Er bestonden namelijk slechts terreinschetsen van deze eilanden, die met elkaar groote afwijkingen vertoonen.
Op het eiland Krakatau zelf waren drie bergen. De Zuidelijkste berg was een steile vulkaan de Rakata geheeten, de middelste berg droeg den naam van Danau, terwijl de Noordelijkste berg van Krakatau Perboewatan werd genoemd.
Het eiland was moeilijk begaanbaar, door de verbrokkelde gesteenten en het weelderige tropische plantenkleed, dat het geheele eiland bedekte.

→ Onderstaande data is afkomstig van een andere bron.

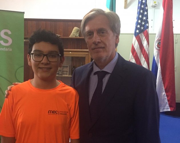 El Cónsul General de Chile en Uruguay, Ministro Consejero Eugenio del Solar, junto a Javier Gallegos, estudiante de IV Medio del Colegio Champagnat de Villa Alemana.

Dat wij iets weten van de gesteenten, waaruit Krakatau bestond, hebben wij uitsluitend te danken aan Verbeek. ‘Van de gelegenheid, dat het stoomschip Egeron in 1880 een tocht deed naar den Vlakken Hoek, in het belang van den dienst der bebakening en kustverlichting, maakte ik’ - zegt Verbeek in zijn standaardwerk, - ‘gebruik om die plaats en den fraaien toen juist opgerichten vuurtoren aldaar te bezoeken. Op de terugreis naar Batavia was het mij vergund een kort bezoek te brengen aan enkele eilanden van Straat Soenda.’
Onder deze eilanden behoorde ook Krakatau; en hoewel het oponthoud op al de 5 eilanden slechts eenige uren duurde, heeft dit bezoek van Verbeek ons onschatbare gegevens verschaft over de vulkanische natuur van Krakatau.

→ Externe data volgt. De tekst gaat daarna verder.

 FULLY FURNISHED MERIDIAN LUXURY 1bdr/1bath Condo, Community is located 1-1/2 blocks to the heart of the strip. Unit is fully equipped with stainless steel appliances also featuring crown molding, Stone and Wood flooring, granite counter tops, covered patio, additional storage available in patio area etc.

De berichten, die wij over Krakatau als vulkaan bezitten, klimmen slechts twee eeuwen op. Op de Westkust van Sumatra werd in de 17de eeuw door de Oost-Indische Compagnie in de afdeeling Painan de goud- en zilvermijn Salida ontgonnen. Daar er in patria geen personen te vinden waren, die met het ontginnen van mijnen vertrouwd waren, stelde men herhaaldelijk Duitschers aan, die met den mijnbouw bekend waren. Een hunner, Johann Wilhelm Vogel, publiceerde in 1690 eene reisbeschrijving in het Duitsch, waarin wij het volgende aantreffen over zijne reis van Salida naar Batavia:
"Den 26sten Januari 1681 gingen wij met een favorabelen Oostenwind onder zeil en kwamen den 1sten Februari door Goddelijke hulp voor den mond van Straat Soenda, waar ik met verwondering zat dat het Cracketow, dat zich op mijne heenreis naar Sumatra geheel groen en lustig met boomen presenteerde, nu echter als geheel verbrand en woest voor onze ogen lag en op vier plaatsen groote vuurbrokken uitwierp."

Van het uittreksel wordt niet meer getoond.